Como a mídia pode incitar a violência e a justiça com as próprias mãos

Enviada em 11/03/2020

A princípio de tudo, é necessário conceituar que a mídia pode ser feita por qualquer cidadão que possua uma ideia e o poder de transmiti-la, seja na forma de vídeos, livros, jogos e etc. A partir disso, é possível analisar que diversos conteúdos midiáticos incitam a violência, influenciando diretamente no pensamento da audiência, principalmente o público mais jovem, o qual é mais suscetível a qualquer tipo de ideologia.
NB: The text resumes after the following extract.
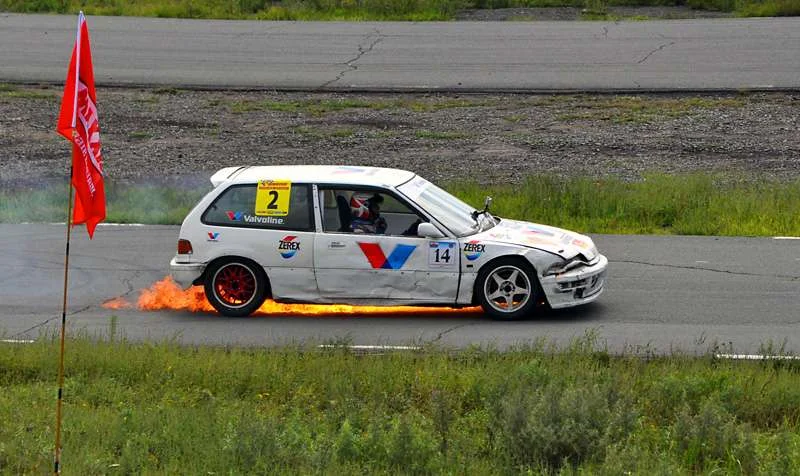 Последние три фото - не обошлось без неприятностей. Вспыхнуло одно из авто участников шоссейных гонок.

Existe, desde muito tempo, na televisão aberta (TV), a predominância pelo relato de acontecimentos cotidianos, dando maior ênfase em casos de agressão, por parte dos criminosos e às vezes da população, assassinatos e dentre outros crimes hediondos. Essas matérias podem incentivar o público a reproduzir tais ações ou, o caso mais comum, revoltar-se contra os infratores, buscando resolver a situação por conta própria, podendo acarretar em prisões, mortes, e, principalmente, a divulgação da violência  praticada nas redes sociais, podendo gerar mais violência. Nesse sentido, é possível observar a grande responsabilidade que a TV possui sobre os assuntos transmitidos, tendo em vista que jovens, em processo de formação, também consomem seu conteúdo.

Então, esse publico mais novo acaba consumindo notícias mais chocantes. Pela frequência desse contato, podem concluir que a agressão, por exemplo, é algo normal, tendo em vista que esse público infanto-juvenil se assemelha a uma tábula branca, como explica o filósofo britânico John Locke. Ele diz que, a principio, não somos nada, são as nossas experiências que nos formam como pessoas, portanto, a experiência de assistir a esse tipo de notícia pode levar os jovens a serem violentos.

Mediante aos problemas apresentados, fica evidente que o Ministério da Cidadania em parceria com o Ministério da educação devem orientar os grupos midiáticos a diminuírem a regularidade com que transmitem matérias sobre violência, exibindo mais conteúdos que inspirem os jovens e o resto da população a criar e pensar criticamente, de modo que o índice de violência caia, assim fazendo jus ao “progresso” na bandeira brasileira.